About this exercise.
Leave the pictures out. Retype exactly the lines below from the one containing "习近平强调,今年是中越建交7" through the one containing "今日,*ST长药(长江医药控", and no others.

──────────────────────────────

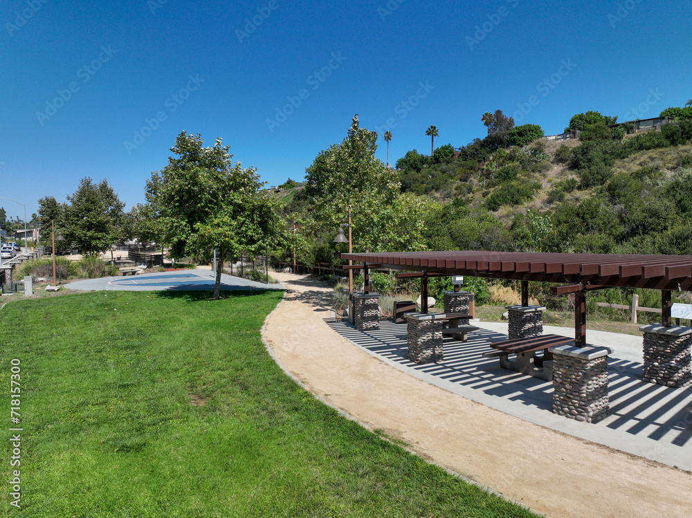 Recreational facilities with table and barbecue in residential community park in San Diego, California, USA
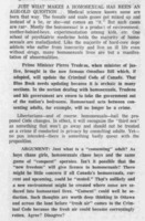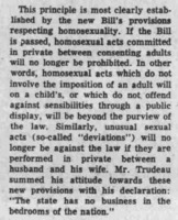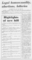 Pat Whealen gives his opinion on the proposed Criminal Code changes. He describes the changes as minor and justified. He says there is a wide belief about the morals of homosexuality, but it is real and homosexual acts do occur. He thinks when these acts are with a child or when coercion is involved, it is a crime, but says that most of these acts are done between two consenting adults.
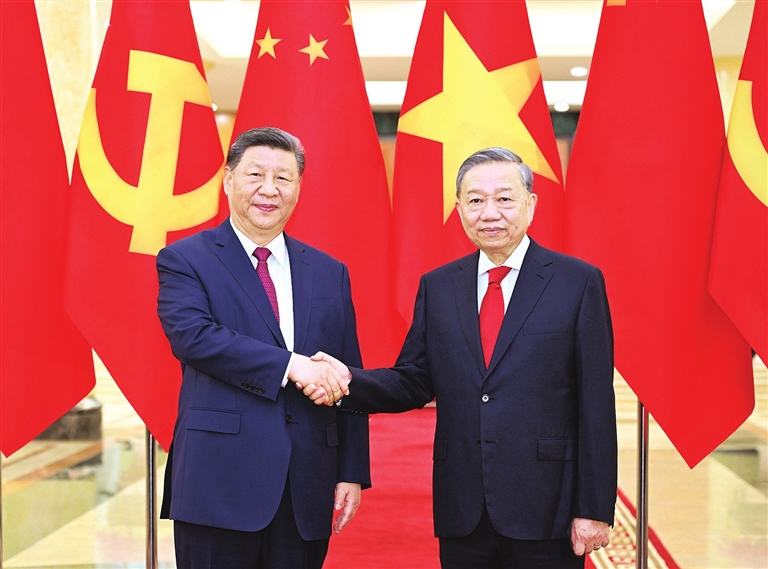 习近平强调,今年是中越建交75周年暨“中越人文交流年”。75年来,无论国际风云如何变化,双方在争取国家独立和民族解放的斗争中相互支持,在社会主义建设事业中携手并进,在推进各自现代化进程中砥砺前行,成为社会主义国家团结合作的典范。面对变乱交织的国际形势,中越两国坚持和平发展,深化友好合作,为世界带来了宝贵的稳定性和确定性。站在新的历史起点上,双方要继往开来、携手前行,赓续“越中情谊深、同志加兄弟”的传统友谊,按照政治互信更高、安全合作更实、务实合作更深、民意基础更牢、多边协调配合更紧、分歧管控解决更好的“六个更”总体目标,高质量推动全面战略合作,确保中越命运共同体建设行稳致远,为构建人类命运共同体作出新的更大贡献。
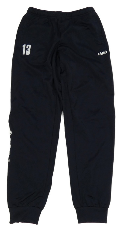 Tmavomodro-bílé sportovní tepláky s číslem a logem Jako
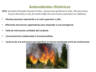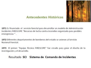 El documento describe el Sistema de Comando de Incidentes (SCI), un modelo organizacional para coordinar de manera efectiva los recursos durante una operación de emergencia. El SCI busca establecer una terminología y estructura común para que diferentes agencias trabajen de forma unificada. Incluye funciones clave, instalaciones, categorías de recursos y la implementación flexible del sistema según el tipo y escala del incidente.
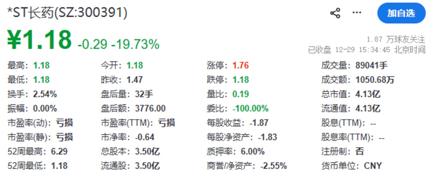今日,*ST长药(长江医药控股股份有限公司,股票代码300391.SZ)竞价阶段即封死跌停,股价报1.18元/股,总市值仅剩4.13亿元。
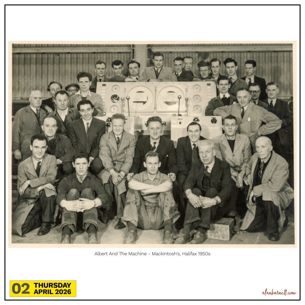 The photograph was taken 70 years ago at Mackintosh’s factory in Halifax. It shows a group of mechanics and engineers proudly gathered around the latest wrapping machine they have installed. My father, Albert, appears to be the proudest of the lot (seated just to the left of centre). The machine looks like it could launch a rocket; in fact it could wrap a strawberry delight or a toffee finger.
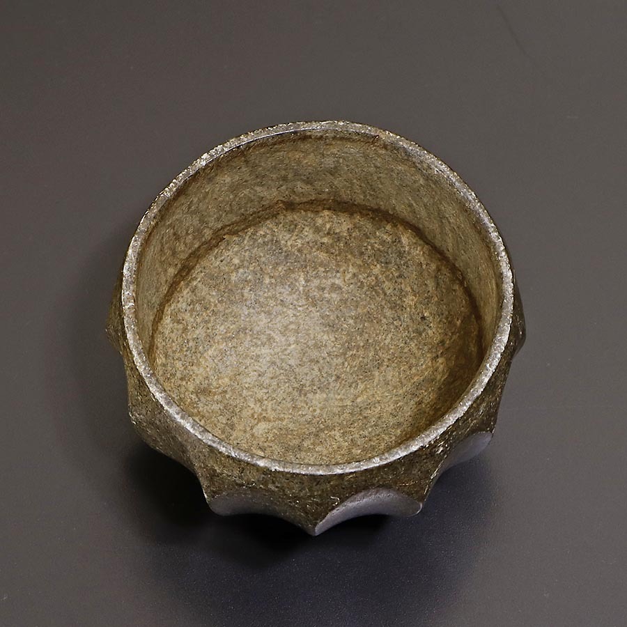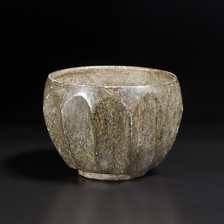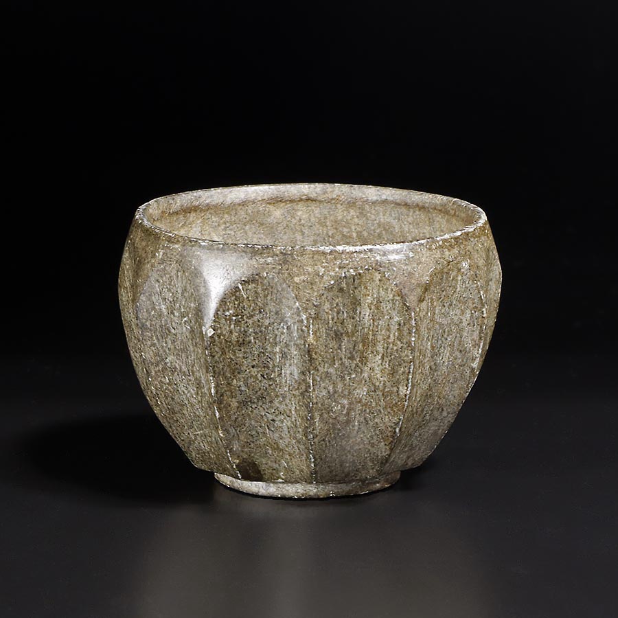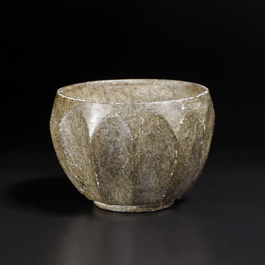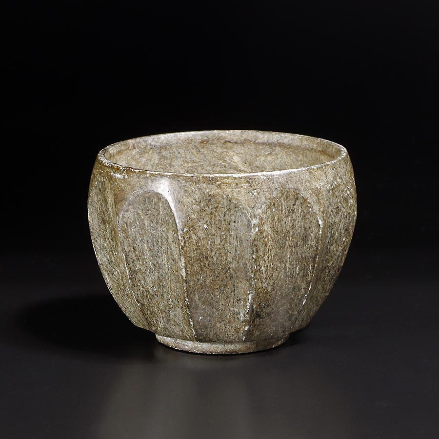 優美で味わい深い造形、石でありながら温かみのある肌合い…李朝工芸の魅力がよく現れた盃。手取りを軽くするためでしょう、胴部に施されたしのぎ文が作品を引き締めています(とはいえ手にすると重量感があります)。

──────────────────────────────

Result of this task.
 习近平强调,今年是中越建交75周年暨“中越人文交流年”。75年来,无论国际风云如何变化,双方在争取国家独立和民族解放的斗争中相互支持,在社会主义建设事业中携手并进,在推进各自现代化进程中砥砺前行,成为社会主义国家团结合作的典范。面对变乱交织的国际形势,中越两国坚持和平发展,深化友好合作,为世界带来了宝贵的稳定性和确定性。站在新的历史起点上,双方要继往开来、携手前行,赓续“越中情谊深、同志加兄弟”的传统友谊,按照政治互信更高、安全合作更实、务实合作更深、民意基础更牢、多边协调配合更紧、分歧管控解决更好的“六个更”总体目标,高质量推动全面战略合作,确保中越命运共同体建设行稳致远,为构建人类命运共同体作出新的更大贡献。
 Tmavomodro-bílé sportovní tepláky s číslem a logem Jako
 El documento describe el Sistema de Comando de Incidentes (SCI), un modelo organizacional para coordinar de manera efectiva los recursos durante una operación de emergencia. El SCI busca establecer una terminología y estructura común para que diferentes agencias trabajen de forma unificada. Incluye funciones clave, instalaciones, categorías de recursos y la implementación flexible del sistema según el tipo y escala del incidente.
今日,*ST长药(长江医药控股股份有限公司,股票代码300391.SZ)竞价阶段即封死跌停,股价报1.18元/股,总市值仅剩4.13亿元。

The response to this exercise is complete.